Barney nodded his thanks. Robin realized suddenly that neither of them had said a word since they left the alley. Okay. Say something. Anything.
“So, um, tell me about Shannon.” Wait. Where had that come from? Barney didn’t want to talk about it. Robin definitely didn’t want him to talk about it.
“I don’t want to talk about Shannon. Ooh, tell me why you like Ted.” Suddenly Barney looked a lot like his old self.
“I don’t want to talk about Ted.” She grimaced. How did Barney always manage to put her on the defensive so quickly?
“Well, then, here’s to not talking,” he said, raising his glass. They both downed the scotch quickly, and Barney gave a deep sigh, slumping back into the couch cushions. “I did get Ted to tell the re-return story, though. Figure that’s one step closer to him realizing he’s not over you, or Victoria getting jealous and dumping his ass. One or the other.”
Robin tried for an appreciative grin. “Thanks.”
They lapsed back into silence, but after a few minutes Barney spoke again, quietly. “She had really pretty hair.”
Robin raised an eyebrow. “Sorry, what?”
“Shannon. Her hair, it caught the sunlight and I would just stare. Lame, right?”
“Totally.”
“She’s gone kinda mousy now. I mean, still a solid seven, what up. But not the same.”
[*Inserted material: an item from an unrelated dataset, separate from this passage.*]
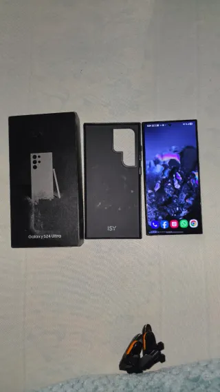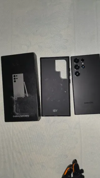 Se vende caja original de Samsung Galaxy S24 Ultra junto con una funda ISY. - Caja con diseño minimalista. - Funda negra con interior suave.
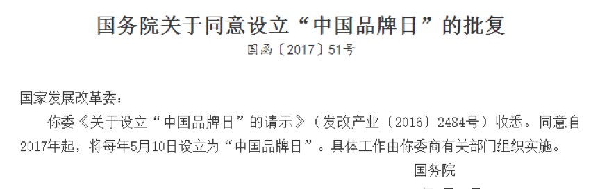 日前,国务院印发《关于同意设立“中国品牌日”的批复》,同意自2017年起,将每年5月10日设立为“中国品牌日”。

Robin sighed. “Yeah, I guess that happens. People from your past, you have this picture of how they’re supposed to be, and when you see them again the illusion just shatters.” She picked up the glasses and carried them to the sink, more for something to do than out of any particular need for tidiness. “Ted loved me,” she told the sink.
Barney made a questioning noise behind her, but she didn’t turn around. “Even before he blurted it out, I could tell, the way he looked at me, it was like I was literally the greatest thing he’d ever seen. And of course that freaked me out, but it was also just… really nice, to have someone looking at me like that. And I know he’s better off with someone like Victoria, but I guess I’d just gotten used to being Ted’s greatest thing. Is that stupid?”
She turned, finally, to find that Barney’s eyes had drifted shut. He must really be tired if he would risk falling asleep on the couch and wrinkling his suit. She smiled slightly and covered him up with a blanket before heading to bed herself.
The next morning she woke to the smell of fresh coffee. Barney had already left, and she couldn’t say she was surprised, but she was touched that he’d made her coffee. Almost as touched as she was to find the new doormat waiting for her when she left to go to work. Really, she had no idea how she’d found two such great guy friends.